PCNSL can involve cranial nerves, and cranial nerves can be the only involved site. According to published data, 15% - 25% of patients with PCNSL had ocular involvement (
17). Malikova et al. (
5), reported that 42.6% of PCNSL cases involved optic pathways, 5.6% of cases involved other cranial nerves, and one case exhibited solitary auditory nerve involvement without other lesions. Ohta et al. (
17), reported a patient with PCNSL with ocular involvement. In the current study, no cranial nerves showed any signs of involvement. However, cranial nerve and leptomeningeal involvement are very common in secondary central nervous system (CNS) lymphoma (
2). The current study had several limitations. First, the number of patients in the current cohort study was small. Only 21 PCNSL and 13 GBM cases were included. All the cases with PCNSL were of the diffuse large B-cell lymphoma (DLBCL) subtype. Therefore, selective bias could not be avoided. Second, although functional MRI (such as diffusion-weighted imaging, magnetic resonance spectroscopy, perfusion-weighted imaging) was useful to differentiate PCNSL and GBM when conventional MRI findings overlap (
7), only some of the current study cases were examined by functional MRI techniques and a statistical comparison was not possible. A larger number of patients and wider application of advanced MRI techniques are needed for further studies.

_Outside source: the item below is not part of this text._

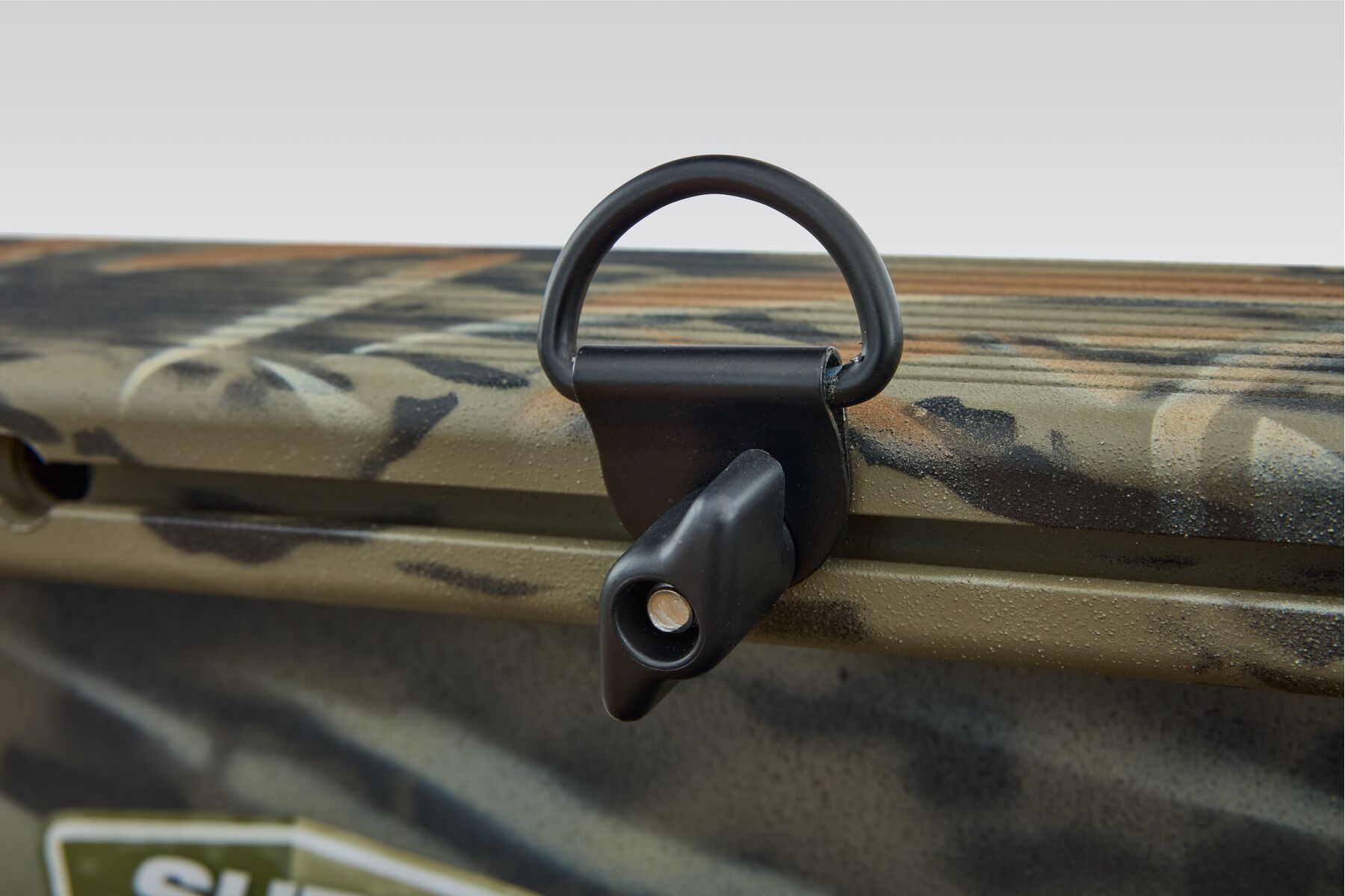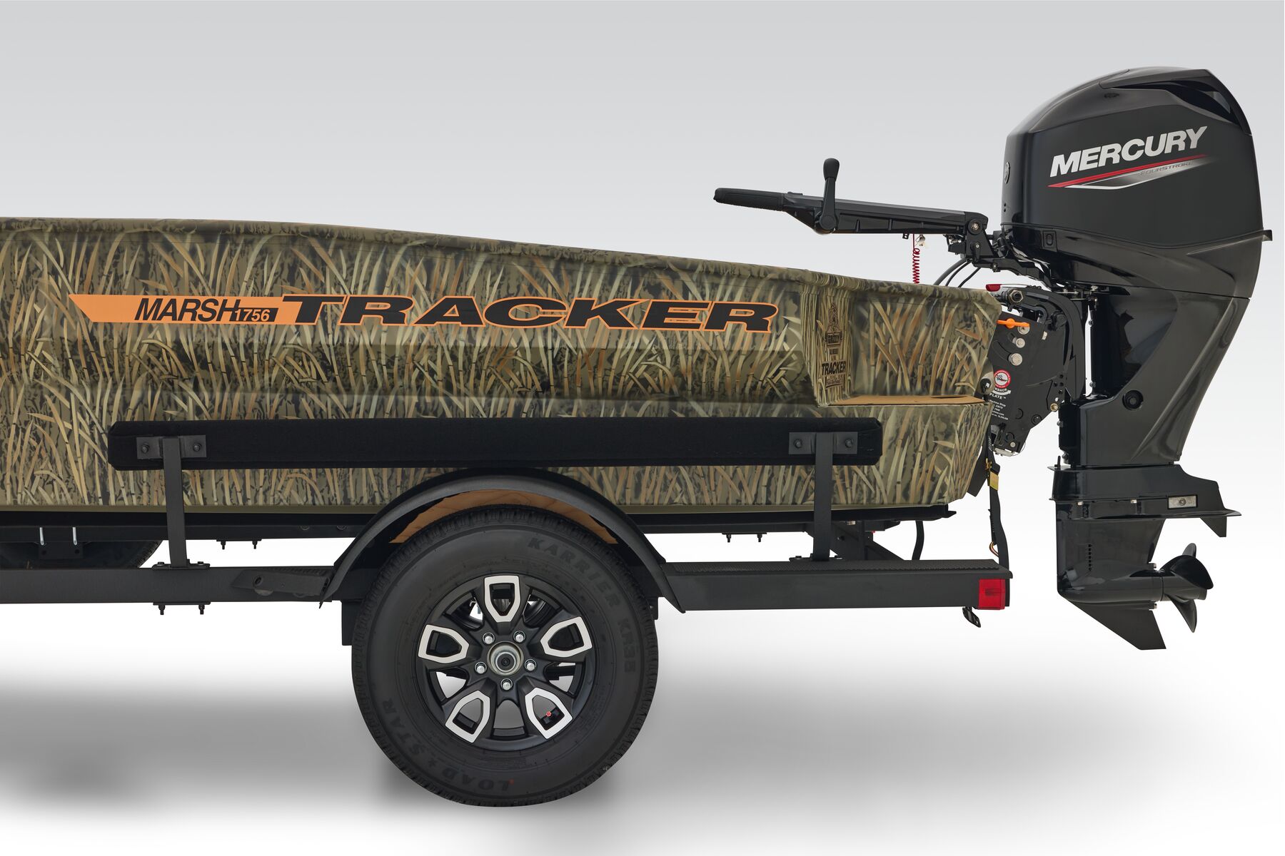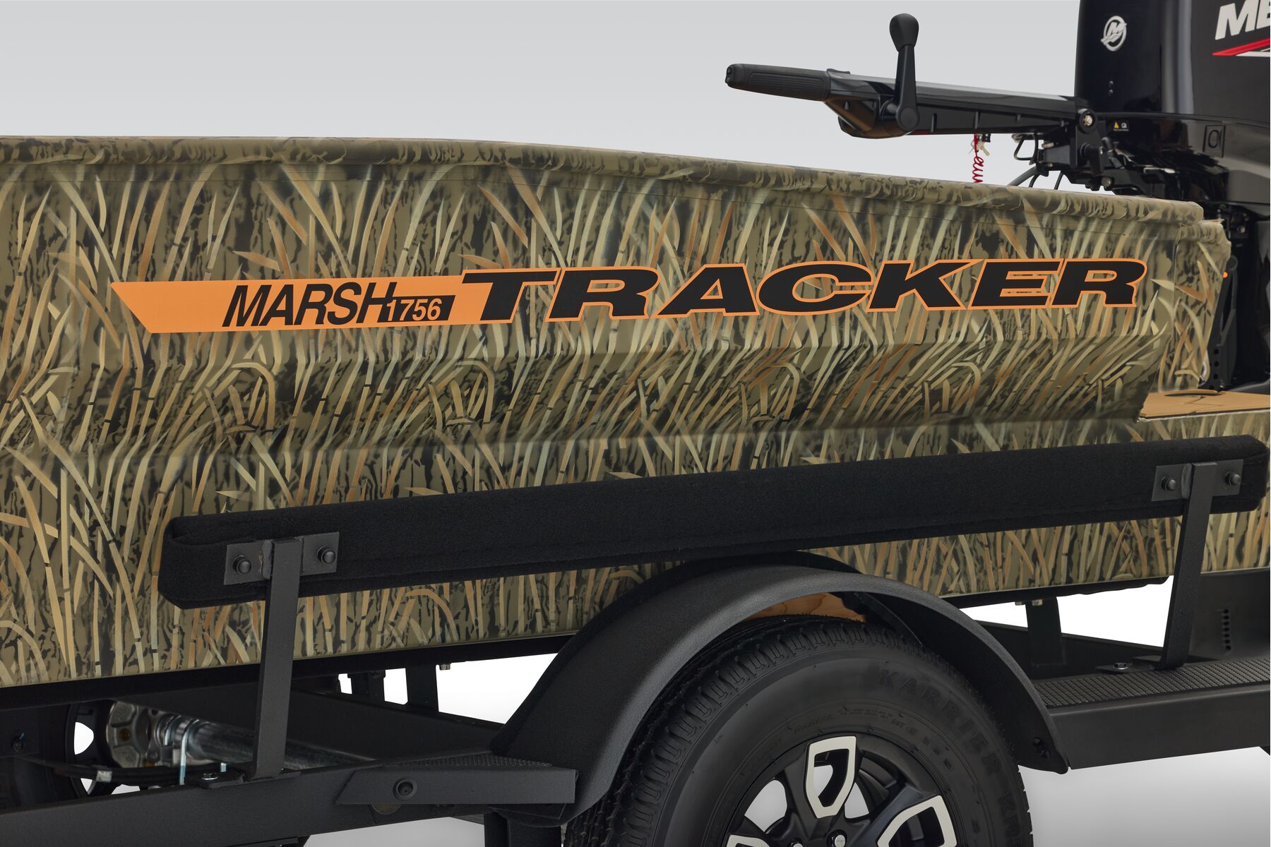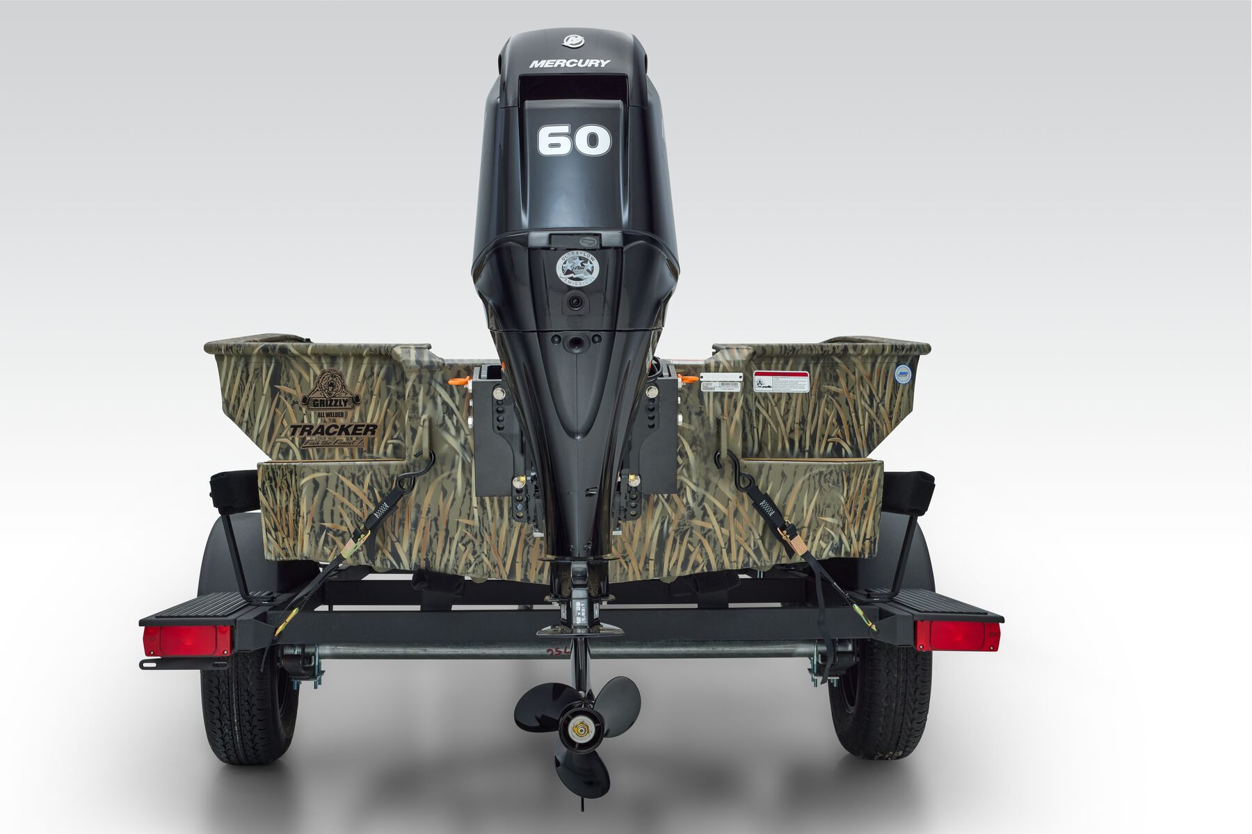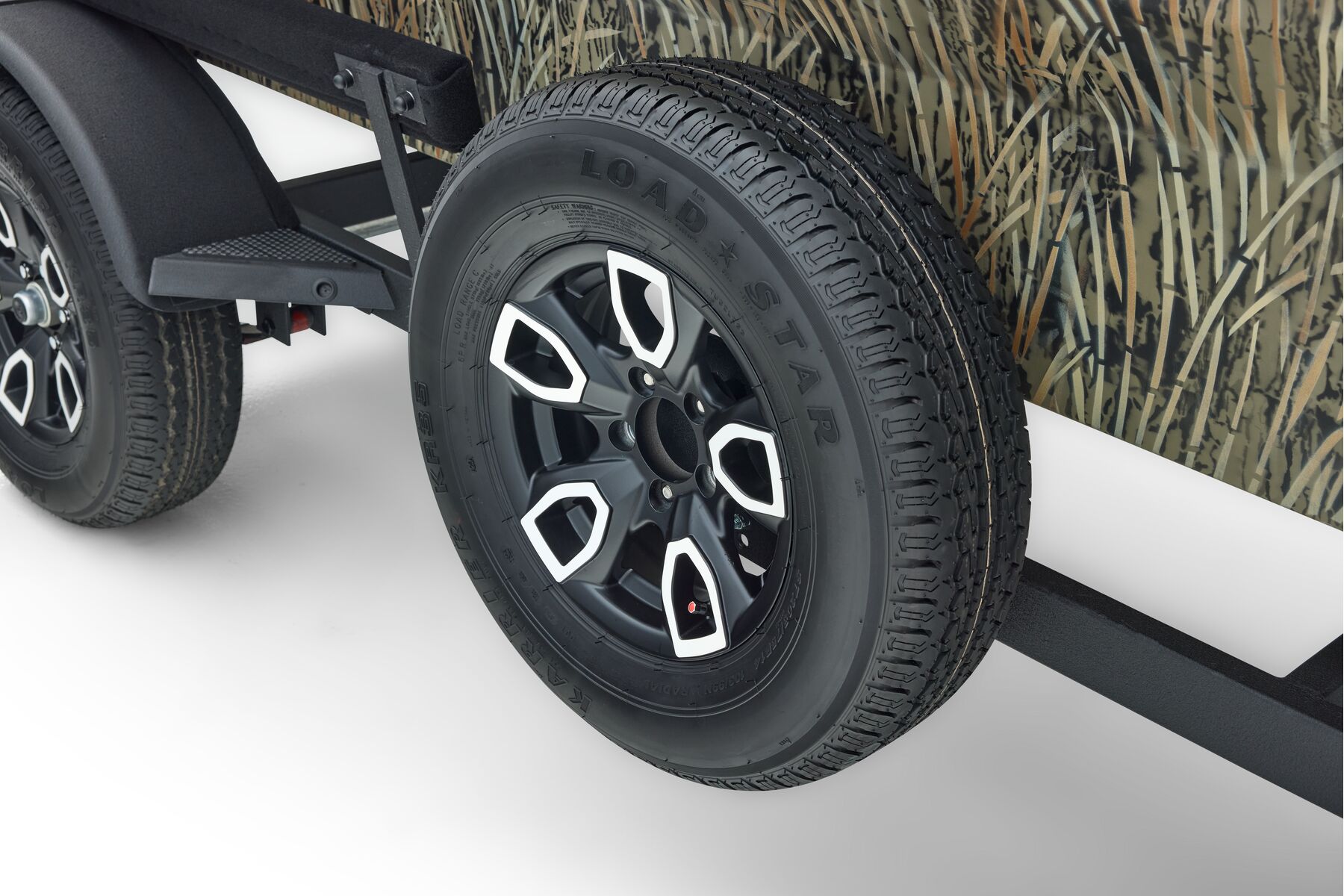 Designed for versatility, it features a spacious front deck ideal for duck hunting, multiple lockable storage compartments, and dry storage in the aft port seat pod. The interior includes Sure Tread™ non-skid flooring for safety and longevity, along with strategically placed tie-down points for gear security. The exclusive VERSATRACK® accessory channel allows customization. Constructed from 100% aluminum with a wood-free transom system, it provides a smooth, dry ride thanks to its 7° deadrise and icebreaker keel. Additional features include integrated spud pole tubes, rear transom steps, and a welded foam-filled interior for strength. Equipped with practical electrical components and a powder-coated trailer, this boat is perfect for die hard waterfowl hunters, and outdoor enthusiasts seeking durability and style in striking Forest Green or TrueTimber® camo patterns.

In summary, PCNSLs can involve both infra- and supratentorial regions, and typical locations include the frontal lobe, basal ganglia, and periventricular white matter. The lesions can be worm-like, nodular, mass-like, or patchy in appearance with homogeneous enhancement. Due to pliability of PCNSLs, subcortical lesions can wrap around the cortex, giving rise to a crescent appearance. Open-ring enhancement, “notch sign”, and homogeneous enhancement with regular IVE can be specific features to differentiate PCNSL from GBM. Although IVE is observed both in PCNSL and GBM, and there is no significant difference between them, IVE patterns differ in PCNSL and GBM images, which should be considered. Intratumoral vascular flow voids only manifest in GBM lesions. Necrotic or cystic components within the lesion cannot exclude PCNSL, but they are rare. Finally, the current study observed that PCNSL showed specific features and patterns on conventional MRI. Thus, conventional MRI, especially contrast enhanced MRI, is a reliable technique to diagnose PCNSL and GBM at the time of initial presentation.